Uno de los sistemas penitenciarios más estrictos es el del estado de Texas. Tan restrictivo es que el diario The Guardian no ha dudado en calificarlo como lo más parecido que puede haber a «vivir en la Edad Media». Y es que la base de datos de libros que no se permiten en las prisiones de este estado forma un inmenso y aleatorio Índice de libros prohibidos con más de 15.000 títulos, que está en constante crecimiento. La ordenanza de prisiones deja claro que se excluyen aquellos libros que tengan escenas gráficas de «conducta sexual que viole la ley», como «violaciones, incestos, pedofilia, zoofilia, necrofilia o sadomasoquismo». Tampoco se aceptan libros que contengan instrucciones sobre cómo fabricar armas o drogas, ni sobre cómo escapar de una cárcel o planificar el crimen perfecto.

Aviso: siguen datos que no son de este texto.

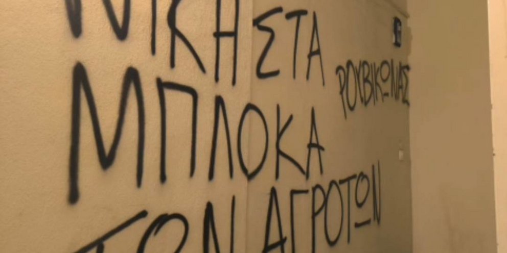 Σε βανδαλισμό των γραφείων της ΝΔ στη Λάρισα προχώρησαν μέλη του Ρουβίκωνα.
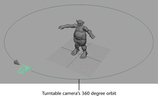 A camera named turnTableCamera1 is created, and your current view becomes the view of the new turntable camera.

Hasta aquí el criterio podría parecer bastante razonable, pero en la práctica se excluye de las bibliotecas cualquier libro que contenga un mínimo de violencia o que produzca incomodidad, lo que equivale a dejar fuera de juego a cientos, por no decir miles de libros, que utilizan la ficción como motor creativo. Supone prohibir Mitología de Grecia y Roma en las cárceles de Arizona por ser demasiado explícito sexualmente. O prohibir libros que hoy en día están considerados como literatura de calidad, como El color púrpura de Alice Walker, American Psycho de Bret Easton Ellis, Trópico de Cáncer de Henry Miller, Big Sur de Jack Kerouac, Los versos satánicos de Salman Rushdie, El francotirador de Kurt Vonnegut, Pastoral americana de Philip Roth o Delta de Venus de Anaïs Nin. Habría que añadir además otras novelas de autores como Norman Mailer, Joyce Carol Oates, John Updike, Chuck Palahniuk, Art Spiegelman, Gustave Flaubert, Mario Vargas Llosa, Tom Wolfe, Flannery O’Connor, Sinclair Lewis o Gore Vidal. Pero lo más sorprendente es, quizá, es que se hayan prohibido obras como La divina comedia de Dante, una recopilación de bocetos de Leonardo da Vinci o una colección de sonetos de Shakespeare. Esto ocurre porque los criterios para decidir qué libros se permiten no siempre son transparentes. Que el empleado de turno esté de mal humor o que no le caiga bien el prisionero al que va destinado un libro puede ser suficiente para que entre en el Índice. En el caso de los sonetos de Shakespeare, por ejemplo, bastó con una cubierta en la que se mostraba un desnudo.
Si el libro muestra una visión incómoda de un grupo racional, étnico, político o religioso, tiene muchas papeletas para que sea prohibido. Una decisión tan absurda como pensar que por el simple hecho de que un libro muestre las desigualdades del sistema judicial o que se posicione a favor de los blancos en lugar de los negros, los presos no puedan tener el criterio para decidir qué es lo correcto y qué lo incorrecto. Quizá una posible solución podría pasar por restringir el acceso de determinados presos a los libros en los que se traten temas relacionados con los delitos que les han hecho entrar en prisión. Evitar, por ejemplo, que un criminal sexual acceda a libros de contenido sexual. Para convertir las cárceles en lugares donde las personas puedan reflexionar y arrepentirse de sus errores o donde sea posible reintegrarlos a la sociedad es necesario erradicar de ellas la Edad Media.